Soil carbon takes more than one form and is often characterised in terms of how quickly it is moving through the biological cycle. Labile carbon is that which is embodied in the microbial life and the decomposition products of organic matter such as plant litter and animal manure, and is responsible for a great deal of soil fertility. Humic carbon is the collection of end products of this decomposition: a set of complex, stable forms which are no longer available as an energy source for most microbial activity but still act to promote CEC, pH buffering and other indicators of soil fertility. Most carbon in New Zealand agricultural soils is in the labile fraction, with mean residence times in the range of months to years. Pyrogenic carbon, including biochar, can have residence times of centuries to millenia and is comparatively low or even absent in most of New Zealand because of the lack of fire as a recurring presence in our native ecosystems prior to the arrival of humans.

The labile fraction of soil carbon is most susceptible to land use change, poor management, and adverse climate driven events, and can be lost in quantity as a result of such simple activities as tilling, overgrazing, and fertiliser over-application, at timescales as short as days or weeks. The humic fraction is durable, degrading only slowly in the presence of specific microbial activity. Biochar is solely at risk from rapid destruction through burning, and once emplaced in soil (or water) it is unlikely to be present in sufficient ratios to support combustion except in the most extreme scenarios.

Biochar provides an attractive lodging for soil microbial life. A community of bacteria and fungi will rapidy populate biochar in soil, and this provides a reservoir of activity and resources to the surroundings. Invertebrate populations have been observed to increase in the presence of biochar, and earthworms transport it from the soil surface to depth via their feeding and burrowing.

Biochar has a high surface area, a result of the pore structure of the feedstock, and on this surface are multiple charge sites at edges of the graphene complexes which provide a high cation exchange capacity (CEC). This property gives biochar the ability to “grab” positively-charged ions from solution and retain them.

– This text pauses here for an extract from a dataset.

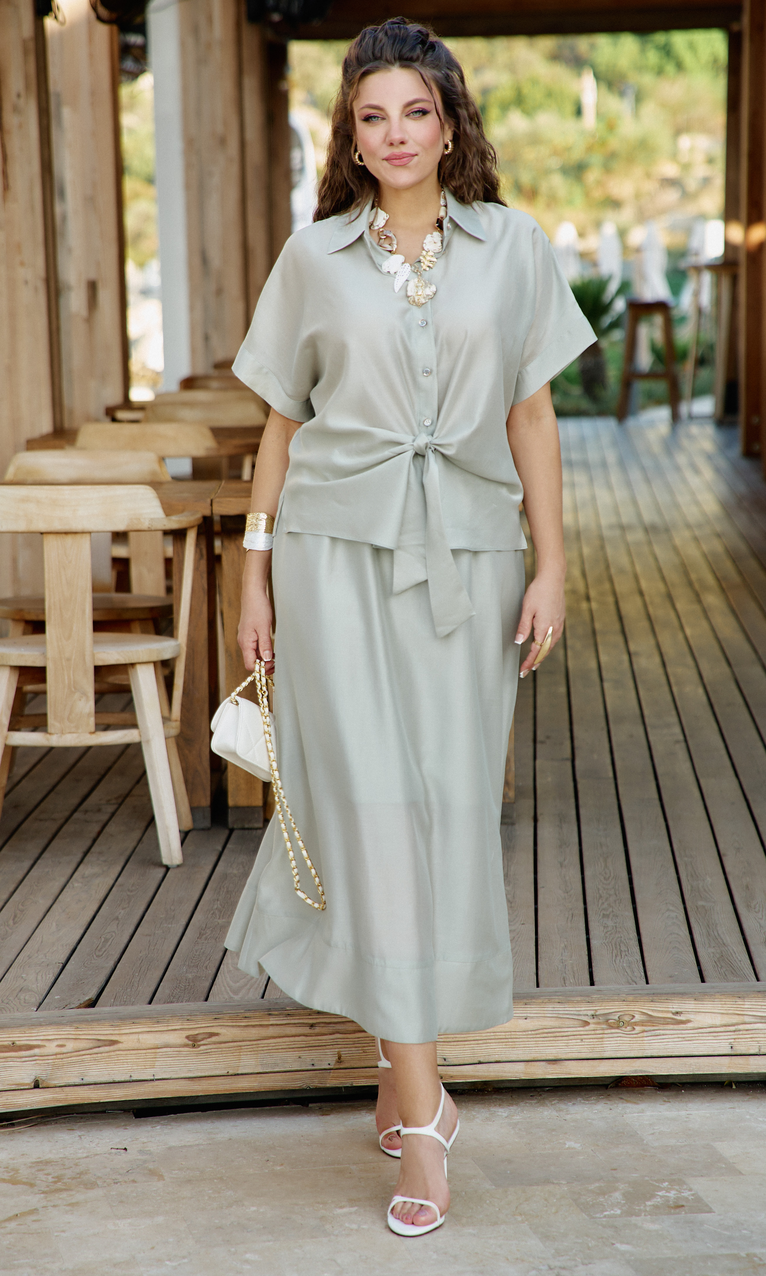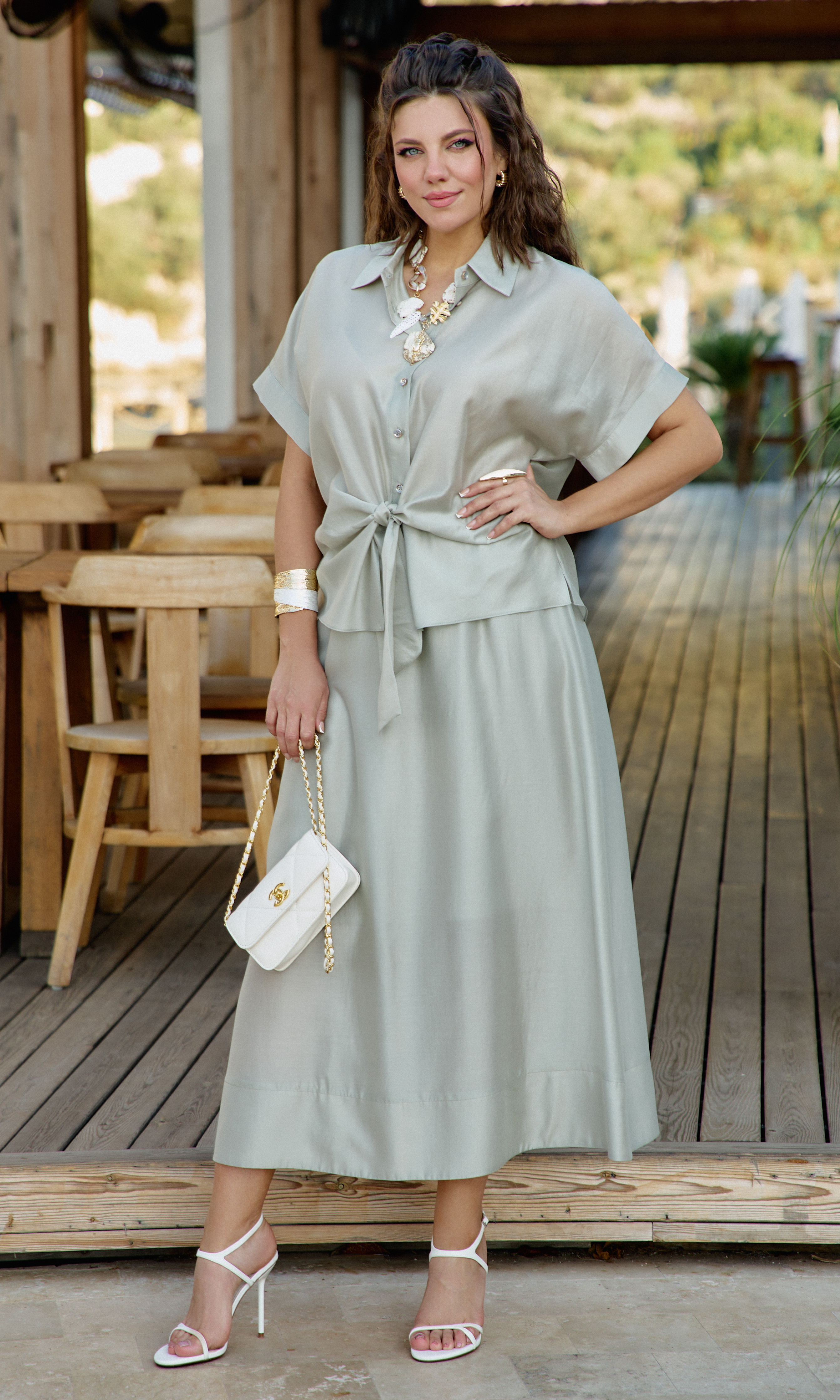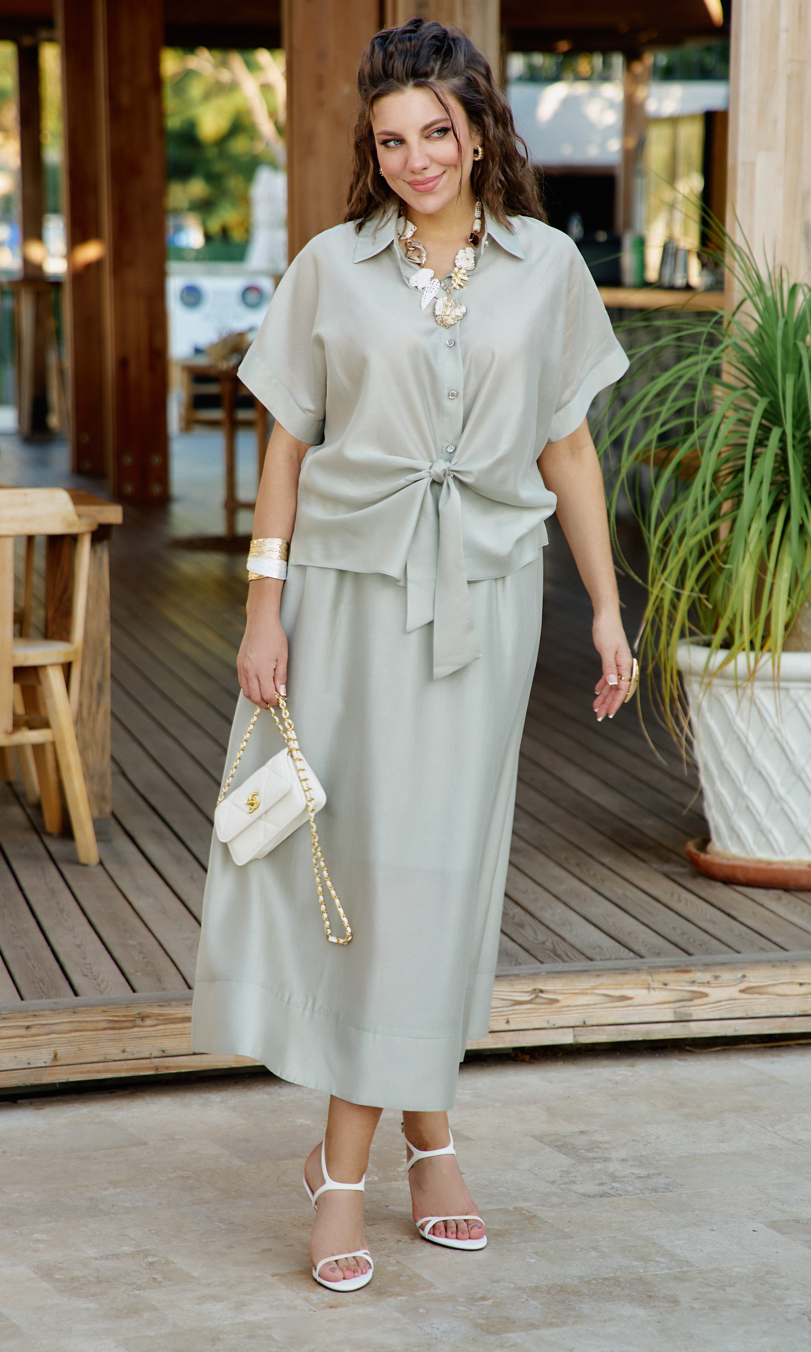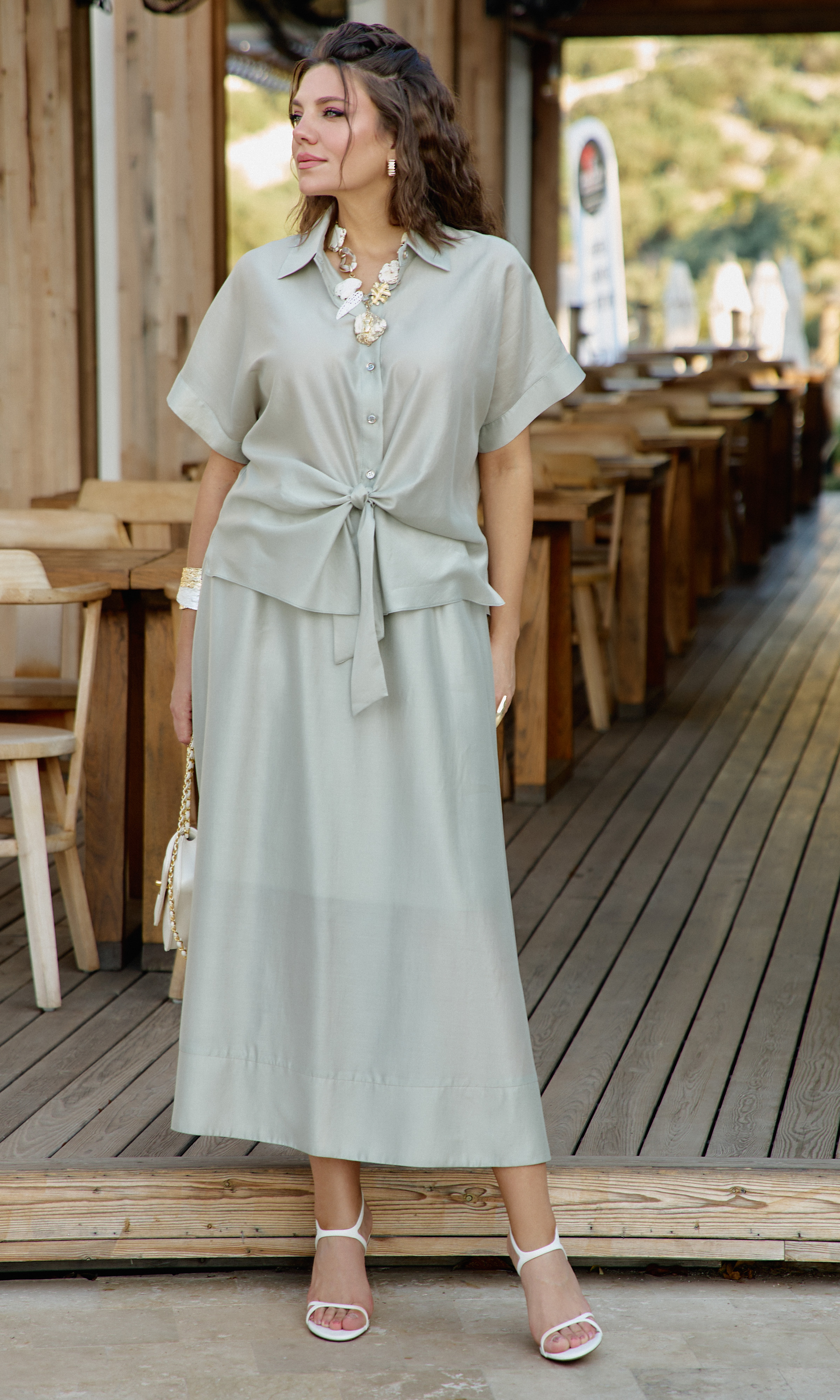 Состав: 85% тенсел, 15% полиэстер. Этот костюм — не просто одежда. Это состояние души. Он для тех, кто: ценит естественную красоту без излишней демонстративности, любит чувствовать лёгкость и свободу в одежде, понимает элегантность минимализма, наслаждается тактильными ощущениями от качественных тканей. Он одинаково уместен на летней веранде кафе, на прогулке по набережной, на творческой встрече или романтическом свидании. Это одежда, которая не кричит о себе, но притягивает взгляды своей гармонией и безупречным вкусом. Полупрозрачная, летящая ткань создаёт иллюзию невесомости и лёгкой таинственности. Блузка с центральной застёжкой на декоративные петли-пуговицы по планке, с воротником рубашечного типа. Её свободный крой обволакивает фигуру, не стесняя, а подчёркивая её естественные линии. Рукав в блузке цельнокроеный с притачной манжетой по низу. По переду блузки цельнокроеные отрезные детали завязывающиеся на бант. Спинка с отрезной кокеткой. В боковых швах блузки разрезы. Юбка трапеция начинается от естественной линии талии и мягко расширяется к подолу, создавая идеальный силуэт для летнего дня. Её форма одновременно структурирована и свободна: чёткие линии кроя сочетаются с текучестью материала. Длина юбки — до середины икры или чуть ниже, позволяя демонстрировать изящные лодыжки и удобную летнюю обувь. При ходьбе юбка образует красивые волны, её полы расходятся, обнажая мгновениями ногу, чтобы тут же снова сомкнуться в элегантном движении. Пояс в юбке притачной, на эластичной тесьме-резинке, что обеспечивает максимально удобную посадку на любой тип фигуры, по низу притачная деталь в сгиб в виде планки. Юбка на подкладке. Длина блузы 56 см (р 50-54), 57,5 см (р 56-60), длина рукава 32 см (р 50-54), 33 см (р 56-60). Длина юбки 87 см.

The porous structure of biochar also promotes a rich microbiota of bacteria and fungi which can in turn attract and metabolise a range of nutrients and pollutants. In both of these cases the nutrients become highly available to plants, and the biochar performs the simultaneous functions of mitigating nutrient leaching and reducing the need for fertiliser inputs.

Several traditional methods of making charcoal involve partial combustion in smoldering fires which burn at lower temperatures than we use for making biochar. Any well-managed pyrolysis process will release little aside from carbon dioxide and water vapour. Particulate and gaseous fractions such as syngas are either completely combusted or harvested as biofuel yields when making biochar.

In settings where large amounts of feedstock are produced or received already (e.g. sawmills, municipal transfer stations) there would be an incentive to have stationary pyrolysis facilities. Mobile technology would be better suited to distributed source material, and because conversion of feedstocks to biochar involves considerable volume and mass reduction (up to 75%) it makes far more sense to transport the finished product.

Some form of heat source is needed to begin pyrolysis. This can be supplied externally or by burning some of the feedstock itself in the outset. As soon as the outgassing of volatile fractions is underway, these products can be fed back into the combustion environment and used to drive an exothermic process. As long as the heat is not supplied by fossil fuels, the process footprint is carbon neutral.